Journalists should keep the nascent state of the field in mind as they report on organoid research. “The usual common mistake I see journalists make is to sort of immediately jump to something that’s very far away or might not even be possible,” said Insoo Hyun, a professor of bioethics at Case Western Reserve University School of Medicine. “Resist the temptation to immediately jump to scenarios that are thought-provoking and striking but very far away,” he cautioned.
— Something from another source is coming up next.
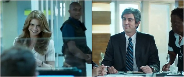 No fim, uma mulher branca diz: “E claro, nunca fui barrada na porta giratória”, enquanto uma mulher negra é parada pelo segurança numa agência bancária.
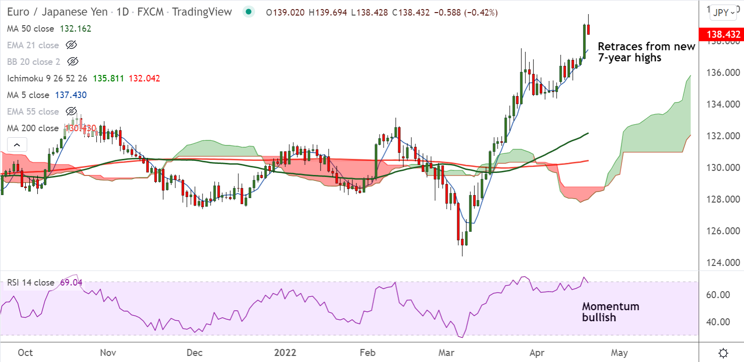 The pair has retraced from fresh 7-year high at 139.69 hit earlier in the day, upbeat Eurozone Industrial Production data fails to impress.

For example, their therapeutic potential might be overstated, as well as their potential capacity for complex functions (e.g., the “brain in a dish” framing).

And while we may anticipate bioethical concerns about organoids with more complex functions in the future, it’s important to neither over- nor understate these issues, Rubin said. “I think that doesn’t serve anybody well,” to dismiss ethical concerns outright, he said. Rubin suggested describing organoids in a “more scientific way,” to highlight their functions and limitations, while also treating concerns with legitimacy.

In the same vein, Hyun advised reporters to provide sufficient context regarding organoid research. Tell your readers why it is being conducted. Don’t leave them with a mental image of a mad scientist, or a reckless scientist, conducting experiments to “fool around and have fun,” Hyun said. Instead, describe the scientific rationale and humanitarian purpose of the research.

Arlotta echoed Hyun’s sentiments. “A lot of overstatements are made about what kind of processes can be studied and what kind of discovery can really be expected from these kinds of organoids,” she said. That being said, an organoid “doesn’t have to be a brain in order to be extremely useful and informative.”